To use it, you need to have the pyhyphen library installed
(see http://pypi.python.org/pypi/PyHyphen/).
This class supports all features of ExplicitHyphenator as well.
=== BaseHyphenator ===
This class should work for all languages.
It hyphenates only after the following characters:
{{{
'-' minus (45, '\x2D')
'.' dot (46, '\x2E') (but not if the dot is between digits)
'_' underscore (95, '\x5F')
'' SHY hyphenation character (173, '\xAD')
}}}
When the argument CamelCase=True is given to the constructor,
CamelCase words will be hyphenated, too.
== Remarks ==
=== Performance ===
The DCWHyphenator is quite slow, due to the rekursive nature of the
algorithm.
Since the word length is bounded, the run time when used with ReportLab
is proportional to the number of lines, because only the last word
of each line will be handled by the hyphenator.

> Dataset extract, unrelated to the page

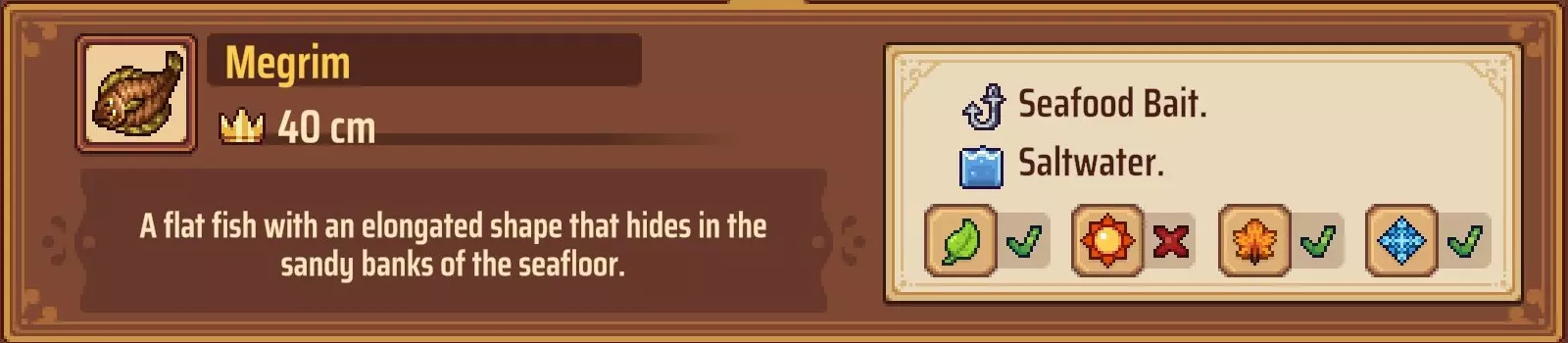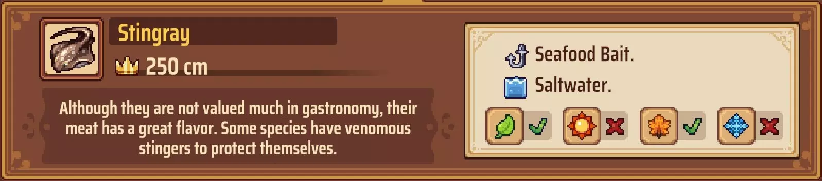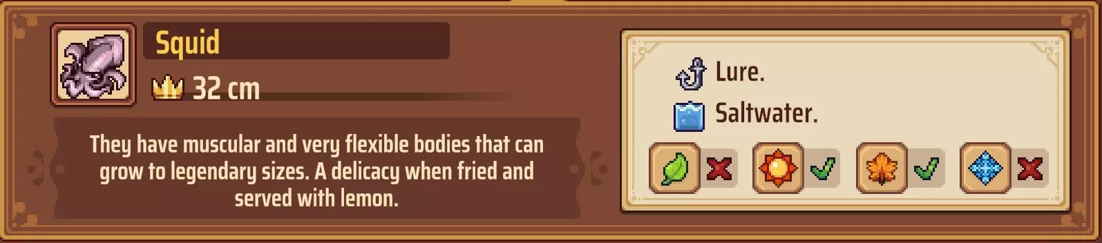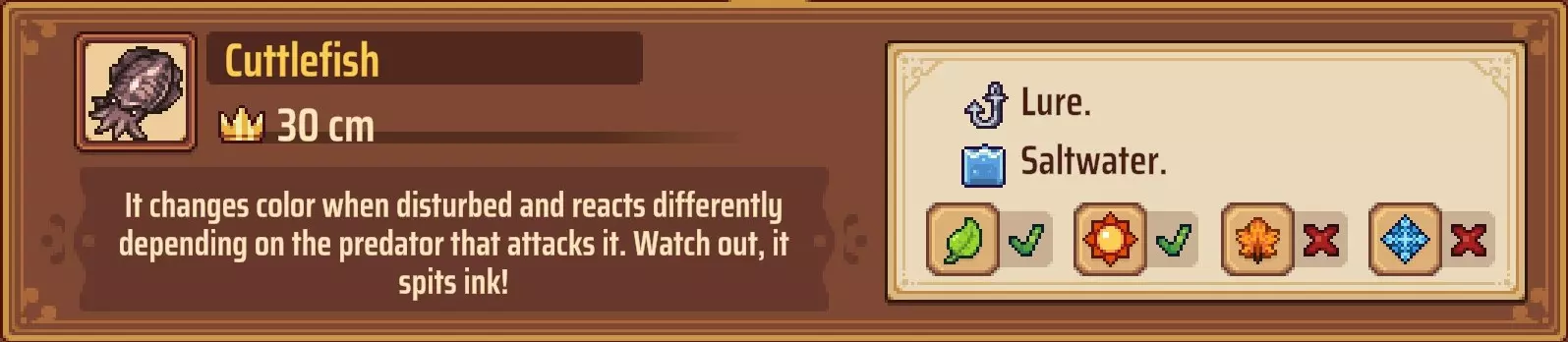 海鲜诱饵:与之前的诱饵相同,可以从Hikari处购买,也可以在制作站制作。制作材料为海鲜,你可以在海滩上标有“X”的位置采集海鲜,或者在海滩西侧区域找到一些大岩石,每天可以从那里采集贻贝。和肉类诱饵一样,每块海鲜可以制作5个诱饵。

For the DCWHyphenator you can cache the results instead of using it
directly, using the following code:
{{{
import wordaxe
from wordaxe.DCWHyphenator import DCWHyphenator
hyph = DCWHyphenator("DE")
wordaxe.hyphRegistry ["DE"] = wordaxe.Cached(hyph, 1000)
}}}
=== Extensions ===
Other hyphenation libraries can easily integrated with the
help of ctypes or SWIG.
To do this, you have to override the member function "hyphenate",
which receives a Unicode-word as input and has to return
a HyphenatedWord object or None.
=== Notes on ReportLab ===
The code in platypus/paragraph.py
is hard to read and therefore it is quite hard to extend the
functionality.
Since I was not able to add working hyphenation support to that code
in case of paragraph splitting, I decided to start a new Paragraph
implementation which a lot of code rewritten from scratch
(NewParagraph.py and para_fragments.py) and use that instead.